2.4. Statistical Analysis

All statistical analyses were conducted using R version 4.0.3. We fit linear mixed-effects models using the LME function of the “NLME” package [38] to analyze the differences in phenotypic plasticity between native and invasive plants under different environmental conditions. We defined initial height, leaf number, SLA, total biomass, RMF, and LMF as the response variables, and we defined water and plant origin (invasive or native species), nutrients and plant origin, and light and plant origin as fixed effects in the models for all three treatments. Because the initial state of the plants may have contributed to differences in the final data results, we added initial height as a covariable in the model. To account for the non-independence of individuals of the same plant species and for phylogenetic non-independence of related species, we included the identity of the target species and its corresponding family as random factors in all the models. We also tested the response of different variables to the environmental changes. In general, the response of the species was consistent across the groups. To meet the assumption of normality, we checked the distribution of the data and transformed it if the data did not fit the normal distribution. When analyzing the nutrient treatment results, plant height and SLA were ln-transformed, total biomass was square-root transformed, and RMF and LMF were cube-root transformed. When analyzing the water treatment results, the height, SLA, RMF, and LMF were ln-transformed. When analyzing the light treatment results, the SLA, total biomass, and RMF were ln-transformed.

3. Results

3.1. Trait Responses to Nutrient Treatment

Plants receiving high-nutrient treatment had increased total biomass and height (Table 2, Figure 2). The effects of nutrients on total biomass and height did not differ with plant origin (Table 2). High-nutrient treatment significantly decreased the RMF (Table 2, Figure 2c) but significantly elevated the LMF (Table 2, Figure 2d). The effect of nutrients on the LMF varied significantly with plant origin. High nutrient levels increased the LMF of the invasive plants by 19.56% but only increased the LMF of the native plants by 13.86% in the experiment (Figure 2d). High-nutrient treatment did not affect the leaf number (Table 2, Figure 2e) or the SLA (Table 2, Figure 2f).

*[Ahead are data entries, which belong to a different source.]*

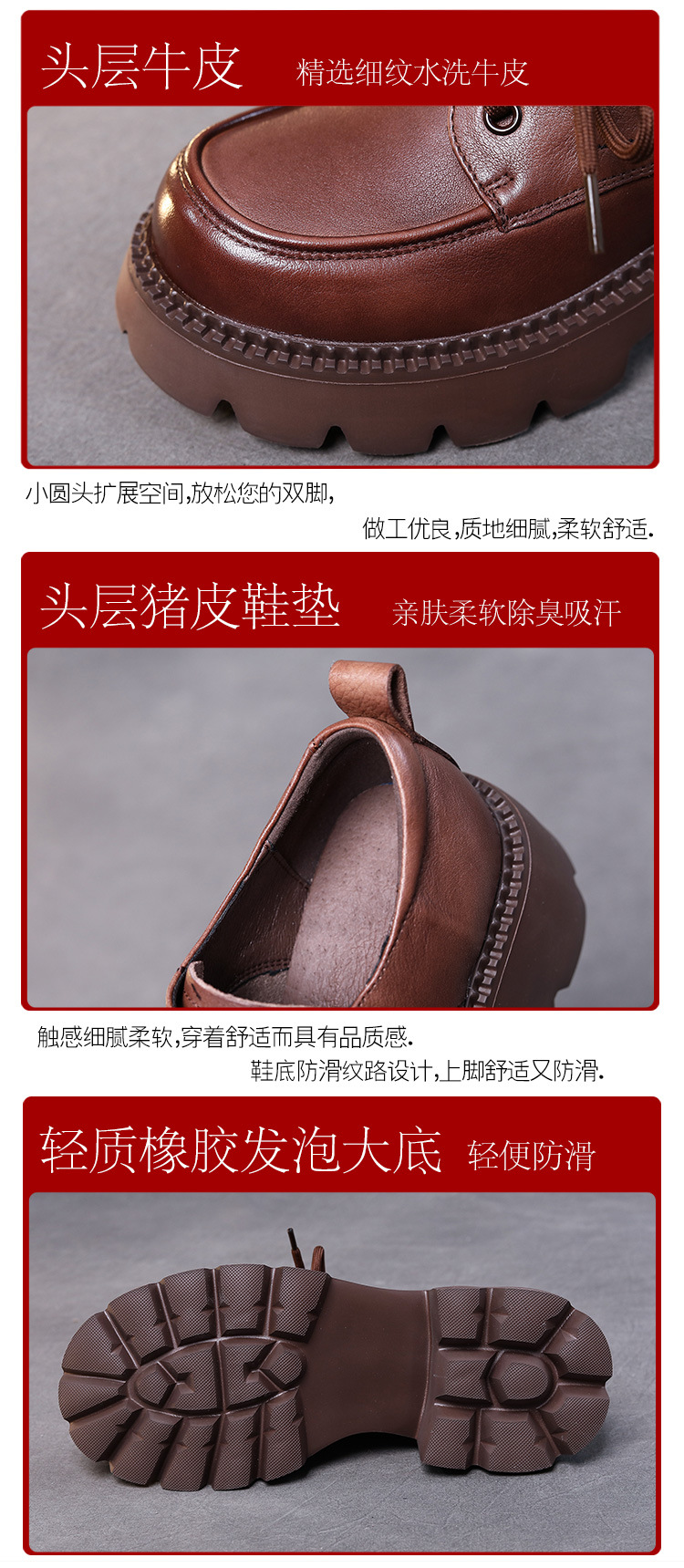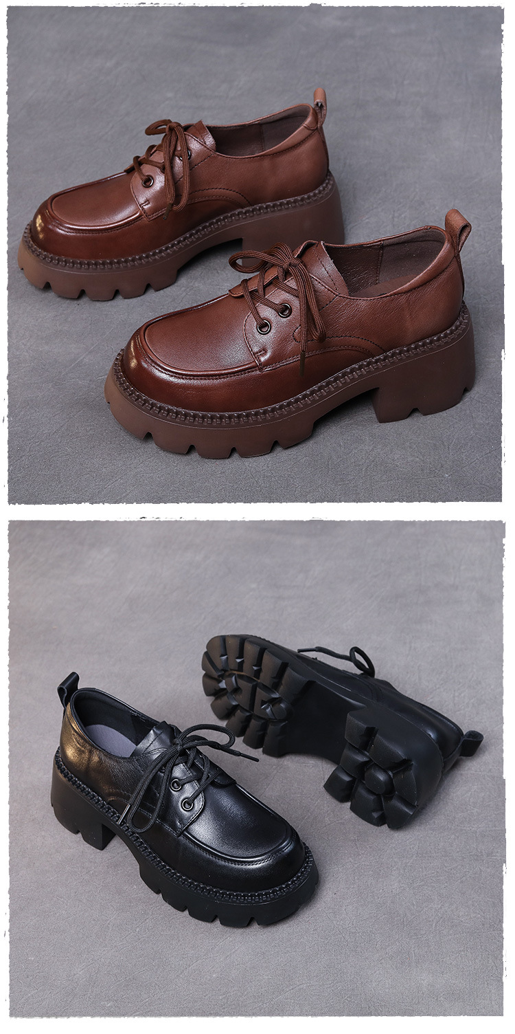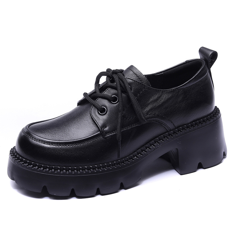 6cm 굽 높은 1층 소가죽 레이스업 여성용 두꺼운 굽 로퍼, 두꺼운 밑창, 사계절 초경량 천연가죽 싱글 슈즈, 캐주얼하고 다용도
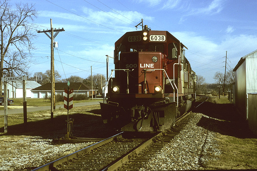 SOO 6038 pulls out of the siding at Camanche after a meet.
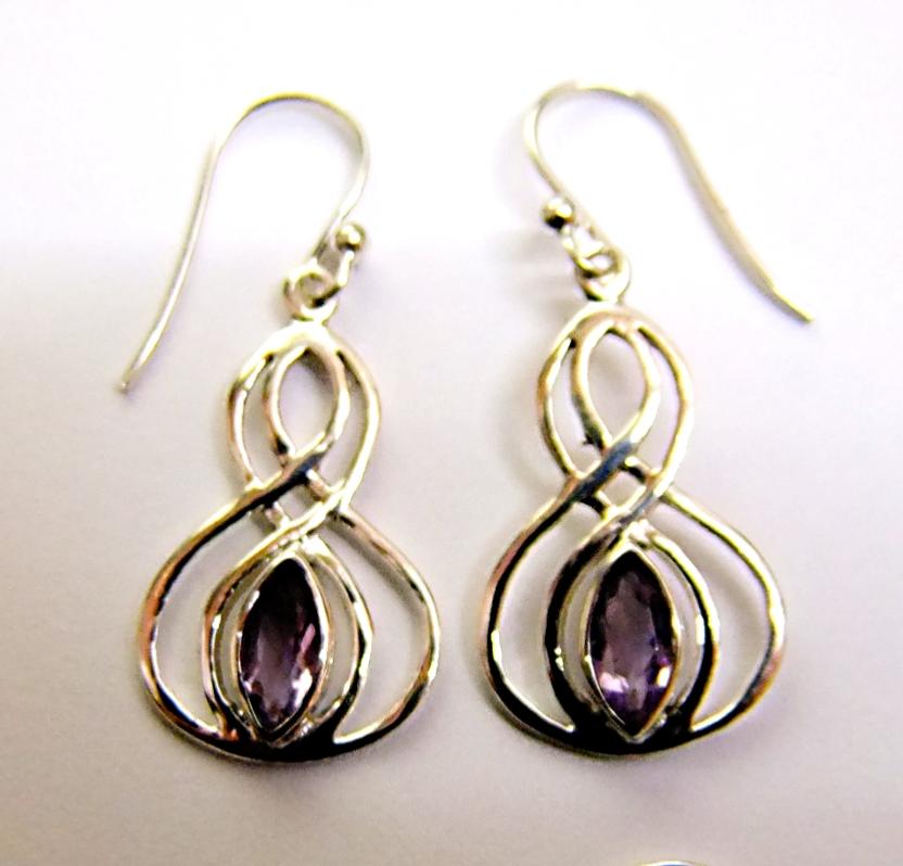 925 SILVER PENDANT STYLE EARRINGS FEATURING A SINGLE FACETED CATSEYE CABOCHON IN A CHOISE OF AMETHYST, BLUE TOPAZ OR MYSTIC TOPAZ.

3.2. Trait Responses to Water Treatment

The responses of the total biomass to water varied significantly with plant origin (Table 2). High water content increased the total biomass of invasive and native plants by 38.22% and 43.15%, respectively (Table 2, Figure 3a). In addition, high water content significantly increased plant height (Table 2, Figure 3b). The effect of water on plant height did not differ with plant origin (Table 2). High-water treatment did not affect RMF (Table 2, Figure 3c) or LMF (Table 2, Figure 3d). The effect of water on leaf number varied significantly with plant origin (Table 2), where the high-water treatment increased the leaf number in invasive and native plants by 46.21% and 64.08%, respectively (Figure 3e). High water significantly increased SLA, but the magnitude of this effect did not differ according to plant origin (Table 2, Figure 3f).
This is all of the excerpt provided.